(Beginning of Study material)
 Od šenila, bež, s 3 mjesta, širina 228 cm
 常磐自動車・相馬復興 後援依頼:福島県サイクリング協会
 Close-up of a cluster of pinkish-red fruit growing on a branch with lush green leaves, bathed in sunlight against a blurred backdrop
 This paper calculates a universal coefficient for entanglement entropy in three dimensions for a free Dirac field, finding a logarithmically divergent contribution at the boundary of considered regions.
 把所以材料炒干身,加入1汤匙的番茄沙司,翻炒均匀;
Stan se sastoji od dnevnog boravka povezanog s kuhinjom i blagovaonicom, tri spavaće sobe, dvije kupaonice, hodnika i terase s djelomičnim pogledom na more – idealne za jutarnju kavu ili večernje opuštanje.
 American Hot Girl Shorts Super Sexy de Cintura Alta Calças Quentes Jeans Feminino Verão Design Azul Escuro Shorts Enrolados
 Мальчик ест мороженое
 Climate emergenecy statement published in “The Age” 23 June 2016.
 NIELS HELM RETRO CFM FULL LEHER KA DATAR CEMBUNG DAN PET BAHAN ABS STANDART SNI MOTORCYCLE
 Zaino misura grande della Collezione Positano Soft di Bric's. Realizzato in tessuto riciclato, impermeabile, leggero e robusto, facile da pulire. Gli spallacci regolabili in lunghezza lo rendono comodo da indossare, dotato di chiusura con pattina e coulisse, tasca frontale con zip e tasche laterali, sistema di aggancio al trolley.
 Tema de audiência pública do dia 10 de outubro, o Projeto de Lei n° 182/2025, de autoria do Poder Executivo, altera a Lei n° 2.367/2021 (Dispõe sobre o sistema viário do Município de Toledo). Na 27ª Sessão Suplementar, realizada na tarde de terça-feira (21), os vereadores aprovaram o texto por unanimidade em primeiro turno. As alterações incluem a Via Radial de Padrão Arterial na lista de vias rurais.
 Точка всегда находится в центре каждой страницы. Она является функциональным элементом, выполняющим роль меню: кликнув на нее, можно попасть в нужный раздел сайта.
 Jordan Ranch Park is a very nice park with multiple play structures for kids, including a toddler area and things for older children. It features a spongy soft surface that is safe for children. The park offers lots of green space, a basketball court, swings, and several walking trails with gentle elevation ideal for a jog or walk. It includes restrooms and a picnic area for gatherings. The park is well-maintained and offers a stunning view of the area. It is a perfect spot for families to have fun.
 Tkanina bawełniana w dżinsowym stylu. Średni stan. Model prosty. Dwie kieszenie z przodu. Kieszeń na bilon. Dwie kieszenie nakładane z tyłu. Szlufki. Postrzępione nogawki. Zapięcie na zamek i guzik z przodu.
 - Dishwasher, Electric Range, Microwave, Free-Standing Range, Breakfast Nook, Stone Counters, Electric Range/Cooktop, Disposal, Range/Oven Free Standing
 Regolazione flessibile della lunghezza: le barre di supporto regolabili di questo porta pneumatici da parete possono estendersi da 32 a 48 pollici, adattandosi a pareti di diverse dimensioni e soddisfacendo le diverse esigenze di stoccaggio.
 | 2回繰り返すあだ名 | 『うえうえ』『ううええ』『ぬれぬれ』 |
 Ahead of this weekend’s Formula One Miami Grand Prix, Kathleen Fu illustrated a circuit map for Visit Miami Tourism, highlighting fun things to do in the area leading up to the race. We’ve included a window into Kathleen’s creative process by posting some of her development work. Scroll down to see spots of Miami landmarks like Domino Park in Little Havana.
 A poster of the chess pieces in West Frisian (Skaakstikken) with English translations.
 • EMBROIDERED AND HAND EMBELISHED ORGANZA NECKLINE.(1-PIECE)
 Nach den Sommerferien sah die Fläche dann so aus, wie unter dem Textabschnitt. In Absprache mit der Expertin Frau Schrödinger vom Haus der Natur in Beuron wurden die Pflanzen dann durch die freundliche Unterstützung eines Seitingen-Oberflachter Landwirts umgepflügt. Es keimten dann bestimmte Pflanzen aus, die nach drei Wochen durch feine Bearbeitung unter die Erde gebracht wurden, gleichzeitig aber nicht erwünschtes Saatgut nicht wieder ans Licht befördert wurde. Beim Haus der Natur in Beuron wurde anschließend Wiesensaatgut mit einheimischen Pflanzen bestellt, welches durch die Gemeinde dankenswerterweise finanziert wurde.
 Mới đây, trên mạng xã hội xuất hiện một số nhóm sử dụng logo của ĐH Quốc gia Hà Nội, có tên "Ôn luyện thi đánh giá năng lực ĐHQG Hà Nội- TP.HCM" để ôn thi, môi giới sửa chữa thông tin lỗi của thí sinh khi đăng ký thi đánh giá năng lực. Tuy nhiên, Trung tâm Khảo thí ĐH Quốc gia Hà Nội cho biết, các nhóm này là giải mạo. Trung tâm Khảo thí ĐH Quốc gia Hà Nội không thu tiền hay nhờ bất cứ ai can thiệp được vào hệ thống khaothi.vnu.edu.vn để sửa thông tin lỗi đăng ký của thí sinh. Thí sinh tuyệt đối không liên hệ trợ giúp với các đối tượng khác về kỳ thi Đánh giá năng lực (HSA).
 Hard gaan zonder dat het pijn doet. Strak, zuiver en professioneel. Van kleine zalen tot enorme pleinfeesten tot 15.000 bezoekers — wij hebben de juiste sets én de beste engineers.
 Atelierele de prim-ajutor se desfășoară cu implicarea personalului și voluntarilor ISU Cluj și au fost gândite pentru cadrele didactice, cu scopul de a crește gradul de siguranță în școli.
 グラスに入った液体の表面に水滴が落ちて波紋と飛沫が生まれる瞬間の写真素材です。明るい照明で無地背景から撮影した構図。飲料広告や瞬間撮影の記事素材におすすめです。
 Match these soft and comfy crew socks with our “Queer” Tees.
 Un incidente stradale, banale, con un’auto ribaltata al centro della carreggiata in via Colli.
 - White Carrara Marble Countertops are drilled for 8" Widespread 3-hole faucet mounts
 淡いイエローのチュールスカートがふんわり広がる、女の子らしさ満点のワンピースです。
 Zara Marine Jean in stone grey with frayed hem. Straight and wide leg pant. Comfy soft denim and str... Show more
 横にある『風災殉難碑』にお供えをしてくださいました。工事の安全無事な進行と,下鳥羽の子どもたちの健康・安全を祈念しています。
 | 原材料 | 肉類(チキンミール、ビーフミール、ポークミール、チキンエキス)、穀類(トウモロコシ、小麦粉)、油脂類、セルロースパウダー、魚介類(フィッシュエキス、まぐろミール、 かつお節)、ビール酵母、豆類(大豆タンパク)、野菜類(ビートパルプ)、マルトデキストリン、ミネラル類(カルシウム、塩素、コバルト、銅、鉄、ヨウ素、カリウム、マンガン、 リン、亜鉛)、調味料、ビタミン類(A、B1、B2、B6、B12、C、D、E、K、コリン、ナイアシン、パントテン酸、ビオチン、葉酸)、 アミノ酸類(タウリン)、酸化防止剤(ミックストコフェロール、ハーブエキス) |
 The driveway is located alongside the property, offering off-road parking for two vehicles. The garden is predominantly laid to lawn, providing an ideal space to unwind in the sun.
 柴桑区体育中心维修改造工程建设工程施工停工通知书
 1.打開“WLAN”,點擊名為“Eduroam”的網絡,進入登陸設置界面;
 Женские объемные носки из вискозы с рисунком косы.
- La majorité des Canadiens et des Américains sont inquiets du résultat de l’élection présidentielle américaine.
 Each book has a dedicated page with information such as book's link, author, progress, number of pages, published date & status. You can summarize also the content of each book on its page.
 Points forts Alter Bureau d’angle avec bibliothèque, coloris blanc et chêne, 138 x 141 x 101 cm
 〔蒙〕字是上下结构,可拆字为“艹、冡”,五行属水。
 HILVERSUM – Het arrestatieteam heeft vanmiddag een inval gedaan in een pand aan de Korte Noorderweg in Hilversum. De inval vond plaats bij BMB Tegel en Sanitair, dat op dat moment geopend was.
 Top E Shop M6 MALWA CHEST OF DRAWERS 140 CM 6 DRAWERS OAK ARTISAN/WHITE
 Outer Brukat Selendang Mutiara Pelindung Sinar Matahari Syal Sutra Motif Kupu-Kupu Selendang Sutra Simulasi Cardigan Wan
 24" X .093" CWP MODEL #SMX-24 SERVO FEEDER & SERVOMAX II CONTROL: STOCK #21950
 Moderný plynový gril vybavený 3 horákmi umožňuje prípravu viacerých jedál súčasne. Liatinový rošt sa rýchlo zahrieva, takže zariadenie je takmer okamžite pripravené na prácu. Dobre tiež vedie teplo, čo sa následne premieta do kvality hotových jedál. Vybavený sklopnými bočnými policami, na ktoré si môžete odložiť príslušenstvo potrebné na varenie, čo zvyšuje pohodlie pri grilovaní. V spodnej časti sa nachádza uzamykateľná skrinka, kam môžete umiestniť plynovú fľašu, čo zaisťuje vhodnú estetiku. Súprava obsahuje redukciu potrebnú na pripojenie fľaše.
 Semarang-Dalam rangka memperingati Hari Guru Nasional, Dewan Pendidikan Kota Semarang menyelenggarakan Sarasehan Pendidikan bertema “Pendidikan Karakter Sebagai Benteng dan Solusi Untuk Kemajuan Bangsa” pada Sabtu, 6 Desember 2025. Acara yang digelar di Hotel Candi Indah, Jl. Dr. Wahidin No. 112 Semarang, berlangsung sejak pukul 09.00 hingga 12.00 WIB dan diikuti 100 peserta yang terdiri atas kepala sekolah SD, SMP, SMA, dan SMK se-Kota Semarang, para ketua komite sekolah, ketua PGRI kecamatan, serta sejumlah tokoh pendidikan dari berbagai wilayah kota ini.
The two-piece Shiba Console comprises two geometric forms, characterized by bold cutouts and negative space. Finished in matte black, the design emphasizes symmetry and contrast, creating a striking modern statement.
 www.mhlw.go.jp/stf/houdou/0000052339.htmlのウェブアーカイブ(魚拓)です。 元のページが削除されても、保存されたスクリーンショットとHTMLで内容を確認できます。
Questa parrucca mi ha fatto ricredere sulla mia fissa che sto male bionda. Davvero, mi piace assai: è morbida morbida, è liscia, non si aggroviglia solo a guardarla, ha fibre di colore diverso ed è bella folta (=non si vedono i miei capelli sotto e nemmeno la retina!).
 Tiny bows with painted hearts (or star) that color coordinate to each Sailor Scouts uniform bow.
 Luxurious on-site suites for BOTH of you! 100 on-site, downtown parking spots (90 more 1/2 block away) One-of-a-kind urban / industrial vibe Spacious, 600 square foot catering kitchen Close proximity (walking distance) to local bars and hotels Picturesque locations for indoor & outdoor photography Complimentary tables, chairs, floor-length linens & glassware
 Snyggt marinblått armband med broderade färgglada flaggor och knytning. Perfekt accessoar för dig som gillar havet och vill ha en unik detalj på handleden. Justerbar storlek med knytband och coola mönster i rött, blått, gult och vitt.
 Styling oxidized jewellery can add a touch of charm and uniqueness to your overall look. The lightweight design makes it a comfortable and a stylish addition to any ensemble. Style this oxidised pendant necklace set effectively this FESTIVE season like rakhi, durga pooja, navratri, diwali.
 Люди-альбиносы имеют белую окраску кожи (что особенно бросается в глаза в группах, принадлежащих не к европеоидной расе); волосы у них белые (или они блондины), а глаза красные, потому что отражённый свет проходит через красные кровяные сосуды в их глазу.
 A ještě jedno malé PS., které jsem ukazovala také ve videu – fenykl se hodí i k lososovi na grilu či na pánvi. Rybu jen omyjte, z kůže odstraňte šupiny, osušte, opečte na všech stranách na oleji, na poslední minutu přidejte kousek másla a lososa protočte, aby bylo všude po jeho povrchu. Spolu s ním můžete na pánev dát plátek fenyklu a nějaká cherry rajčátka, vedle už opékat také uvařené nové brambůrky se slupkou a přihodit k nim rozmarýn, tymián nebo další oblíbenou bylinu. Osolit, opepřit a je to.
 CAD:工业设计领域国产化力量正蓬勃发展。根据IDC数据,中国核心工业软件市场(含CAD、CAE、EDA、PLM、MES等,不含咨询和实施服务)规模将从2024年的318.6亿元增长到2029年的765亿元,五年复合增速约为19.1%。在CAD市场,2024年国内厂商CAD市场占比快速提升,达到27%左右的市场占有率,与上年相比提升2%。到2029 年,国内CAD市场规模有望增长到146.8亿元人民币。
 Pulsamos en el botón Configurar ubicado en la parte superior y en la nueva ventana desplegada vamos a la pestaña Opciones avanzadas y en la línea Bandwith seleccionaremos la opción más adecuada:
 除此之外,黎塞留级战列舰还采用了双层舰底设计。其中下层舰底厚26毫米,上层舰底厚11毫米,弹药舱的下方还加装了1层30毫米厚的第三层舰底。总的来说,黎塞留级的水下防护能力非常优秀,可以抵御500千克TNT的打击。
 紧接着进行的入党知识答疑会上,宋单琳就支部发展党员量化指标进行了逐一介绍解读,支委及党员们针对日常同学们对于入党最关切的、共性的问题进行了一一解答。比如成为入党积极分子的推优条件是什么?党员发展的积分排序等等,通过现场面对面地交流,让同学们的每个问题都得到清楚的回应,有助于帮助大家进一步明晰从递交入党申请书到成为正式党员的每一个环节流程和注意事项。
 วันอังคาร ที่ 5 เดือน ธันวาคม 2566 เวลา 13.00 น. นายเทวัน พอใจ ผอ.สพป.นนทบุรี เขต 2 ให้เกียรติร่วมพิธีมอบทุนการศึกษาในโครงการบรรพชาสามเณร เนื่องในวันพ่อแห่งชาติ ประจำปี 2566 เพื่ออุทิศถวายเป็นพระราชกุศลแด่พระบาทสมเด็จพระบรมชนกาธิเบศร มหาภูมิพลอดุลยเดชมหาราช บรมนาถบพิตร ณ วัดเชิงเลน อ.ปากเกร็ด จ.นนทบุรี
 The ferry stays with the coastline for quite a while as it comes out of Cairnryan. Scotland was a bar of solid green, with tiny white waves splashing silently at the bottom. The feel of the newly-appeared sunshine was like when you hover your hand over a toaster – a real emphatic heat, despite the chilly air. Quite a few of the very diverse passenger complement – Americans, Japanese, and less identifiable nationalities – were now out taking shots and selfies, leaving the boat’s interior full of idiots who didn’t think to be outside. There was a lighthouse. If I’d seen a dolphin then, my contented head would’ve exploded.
(End of Study material)
**Your objective:** Only one stretch of the entries above is wanted: the lines from the one containing "Close-up of a" through the one containing "把所以材料炒干身,加入1汤匙的番茄沙司,翻炒均匀;". Please reproduce it exactly.

**Completed exercise:**
 Close-up of a cluster of pinkish-red fruit growing on a branch with lush green leaves, bathed in sunlight against a blurred backdrop
 This paper calculates a universal coefficient for entanglement entropy in three dimensions for a free Dirac field, finding a logarithmically divergent contribution at the boundary of considered regions.
 把所以材料炒干身,加入1汤匙的番茄沙司,翻炒均匀;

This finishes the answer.